40°C ± 5°C / 75% RH ± 5% RH

2 batches / 7 days

The stability data generated thus far demonstrate that ALC-0159 is stable when stored at the recommended storage conditions (-20°C). In addition, ALC-0159 is stable at room temperature (25°C / 60% RH) and elevated temperature (40°C / 75% RH) for up to 7 days indicating the material is suitable for use when stored at room temperature to support use in further manufacturing steps.

The retest period for ALC-0159 when stored at the recommended storage conditions (-20°C) will be provided in a future update.

Post-approval stability protocol and stability commitments

Data for three batches of ALC-0159 manufactured by Avanti using a process representative of the commercial process and stored at the recommended storage conditions (-20°C) is ongoing. The stability study will continue through 60 months.

Confirmatory stability studies will be conducted on future batches of ALC-0159 for up to 60 months using the proposed specification for appearance, assay and impurities presented in Table A.3.2.7-1.

Stability data

The stability data on which the summary and conclusion in A.3.2.7 is based, is included in the dossier.

Further stability data is pending and this section will be updated with additional data once the data has been transferred from the manufacturers, analysed, and verified.

Assessor’s comments on A.3.2.7 Stability:

The provided stability data indicate that the excipient ALC-0159 is stable for up to 3 years when stored at -20°C. Stability data also indicate that the excipient is stable for up to 7 days at room temperature, indicating that the excipient is suitable for use in the manufacturing process of the final drug product.

However, the conclusion for an appropriate retest period is pending. Additional stability data will be provided for assessment during the procedure.

  1. Regional information

Post approval change management protocols

A post-approval change management protocol (PACMP) is planned to be included in subsequent CMC rolls in support of anticipated additional manufacturing facilities to support additional supply.

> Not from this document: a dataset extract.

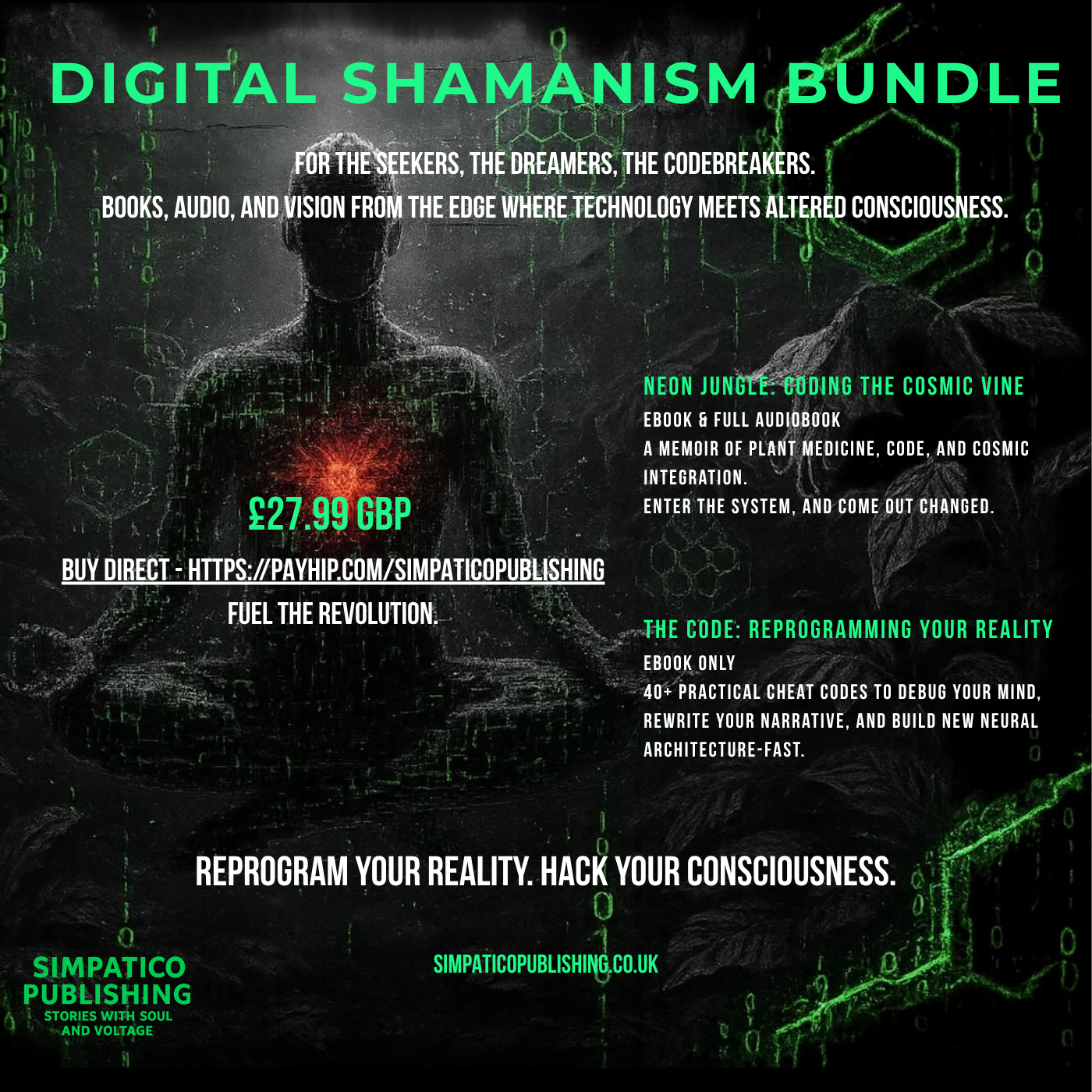 Unlock the future of your mind with Simpatico Publishing’s Digital Shamanism Bundle — a reality-shifting toolkit that blends plant medicine, practical neuroscience, and conscious tech.
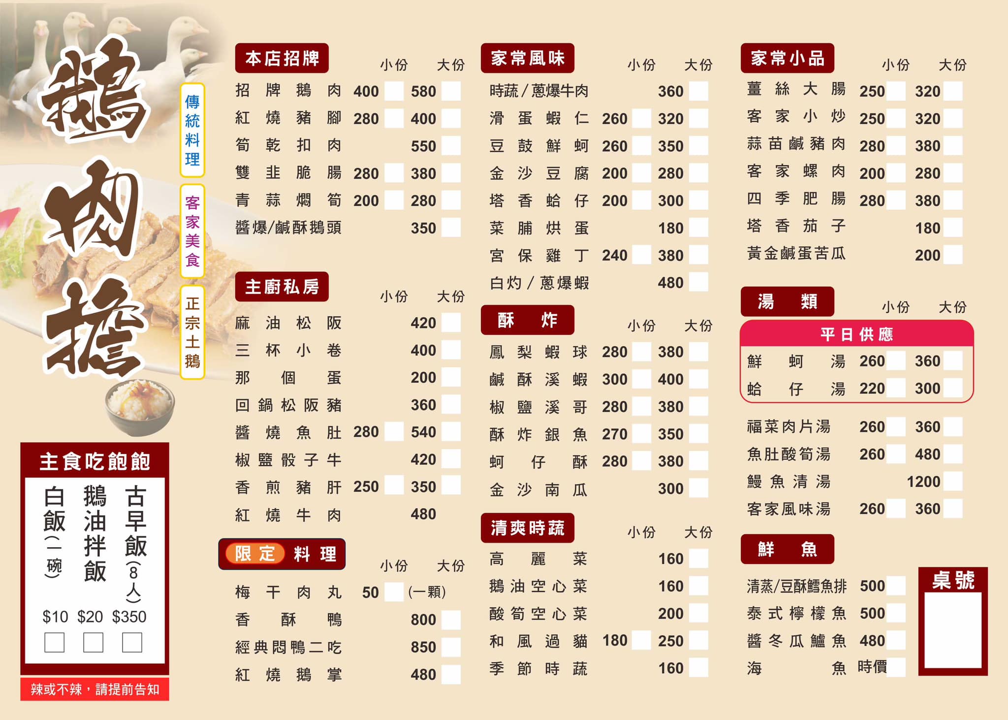 A: 這裡的空間規劃非常貼心!一樓用餐區寬敞舒適,適合小家庭或朋友小聚;二樓則有獨立包廂和大圓桌,非常適合家族聚餐、公司餐敘或朋友大型聚會,私密性高又熱鬧。 - Q: 除了鵝肉,還有哪些客家料理是鵝肉擔必點的?

Process validation scheme for the drug product

Process Validation Data at commercial scale are provided for the Drug Substance and for the Drug Product with the Application. Consequently, submission of a Process Validation Scheme is not required.

Assessor´s comments on Post approval change management protocols and Process validation scheme for the drug product:

The information provided on Post approval change management protocols and Process validation scheme for the drug product are noted.

Medical device issues

Not applicable.

TSE issues

See assessors’ comments on A.2 Adventitious agents safety evaluation.

N-Nitrosamines risk assessment

Pfizer has assessed their COVID-19 (BNT162b2) vaccine drug product and manufacturing process for nitrosamine risks. Pfizer has conducted a comprehensive assessment of the potential nitrosamine risk factors associated with the active substance, drug product and primary packaging components.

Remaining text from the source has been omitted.